Кран-Монтана — страница 18 из 23


Мы просидели там целую вечность, как будто не могли двинуться с места, разве только сходить пописать – за распашной дверью все было слышно, и это странным образом успокаивало. Выйти наружу, на ветер и свет, казалось нам опасным. Мы поднимали глаза к окну в глубине зала, и видели непристойно мягкое кружение снежных хлопьев, и все сидели в полумраке, как разведчики вокруг костра. Роберто Алацраки, который, наверно, единственный похорошел в зрелом возрасте – его перекроенный нос выглядел не таким пластмассовым, и, не в пример нам, он похудел, – заговорил своим тихим голосом, который определенно нравился женщинам, ведь он уже сменил трех жен, и каждая следующая была моложе предыдущей. Предпоследняя пыталась выброситься из окна в день развода, а мы некоторое время путались в именах. Они были итальянками, и их звали Карла, Карлотта, Сабрина, он и сам, кажется, не всегда знал, кто с ним.

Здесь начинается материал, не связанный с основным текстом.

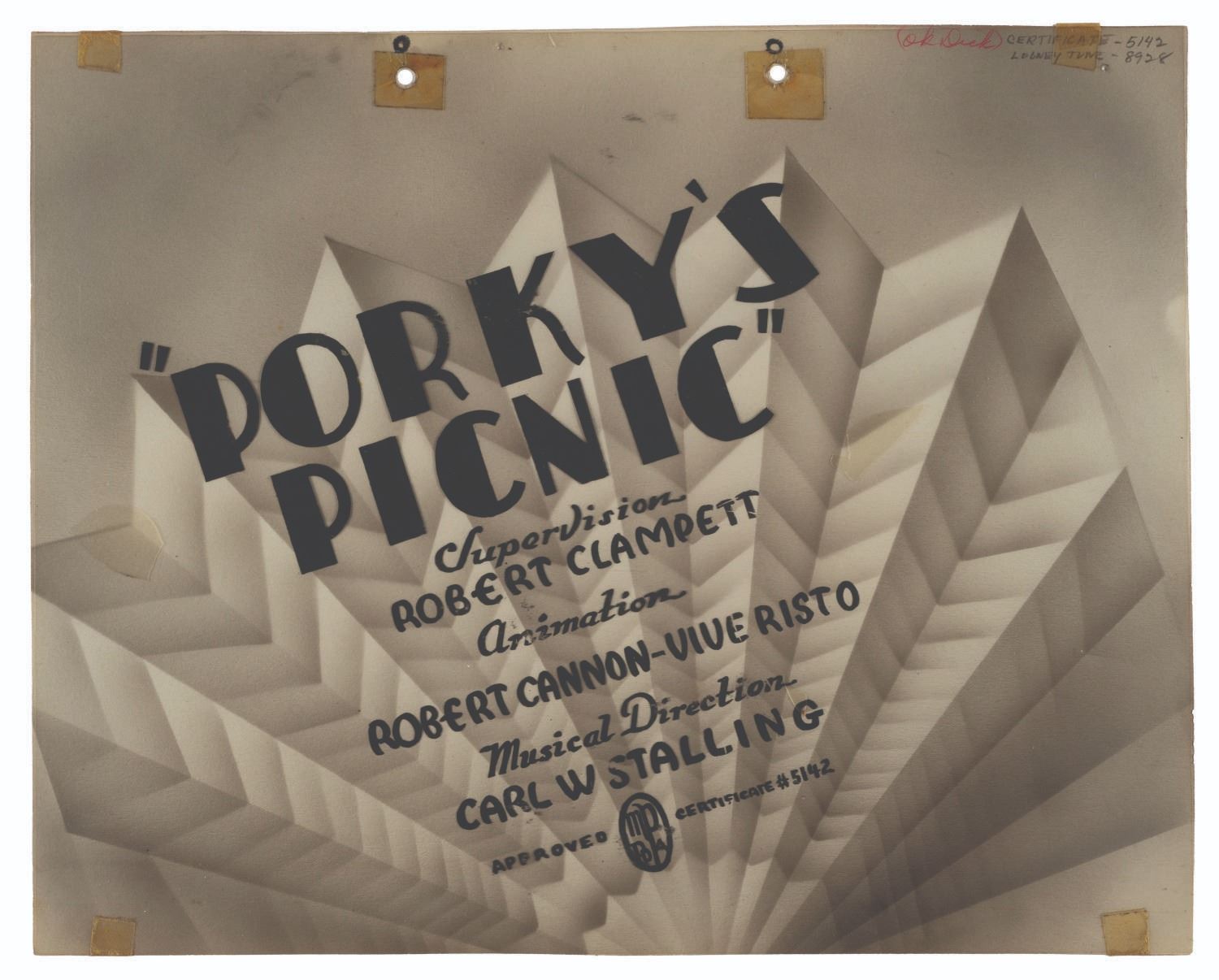 (Schlesinger, 1939) The original hand-painted title card and background from the Looney Tunes short “Porky’s Picnic,” directed by Bob Clampett. With an image size of 7.25” x 7.5” on a 10” x 12.5” cel with the original 10” x 12.5” background, the piece displays in very good condition with light edge tears, spots of paint loss, scratches, scuffs, and tape from production use.

Он выглядел растерянным, когда очередная жена клала ему руку на локоть – у них у всех была эта странная мания трогать его, чтобы выразить свое нетерпение или пометить собственность. Роберто не принадлежал ни одной из них. Ему помнился тот вечер в «Паше», когда он встретил Клаудию. Это было, наверно, два или три года назад, она подошла поздороваться с ним, и в глазах у нее горело «желание любовницы». При этих словах Эдуард де Монтень, который оставался, наверно, самым из нас экзальтированным, так резко схватил бутылку водки, что мы вздрогнули. Клаудия подошла к нему уверенно, она была в платье с блестками, и его бросило в пот. Она казалась ненамного старше, чем в ту пору, нереальная кожа, глаза с поволокой, это была она, но в то же время с короткими волосами, с накрашенными, блестящими губами, «как будто она облизывала их языком», она была уже не совсем прежней. Она казалась недоступной на веки вечные. Ему пришлось облокотиться на зеркальную стену, ее отражение в ней было еще фееричнее. Роберто Алацраки помнил, что они долго говорили, так ладно, что это походило на сон, но наутро он не мог припомнить, о чем был разговор. Фразы утекали, как песок между пальцами, словесная вязь, лишенная смысла. Он снова встретил ее несколько дней спустя у подъемника, но, когда подошел к ней, она его как будто не узнала.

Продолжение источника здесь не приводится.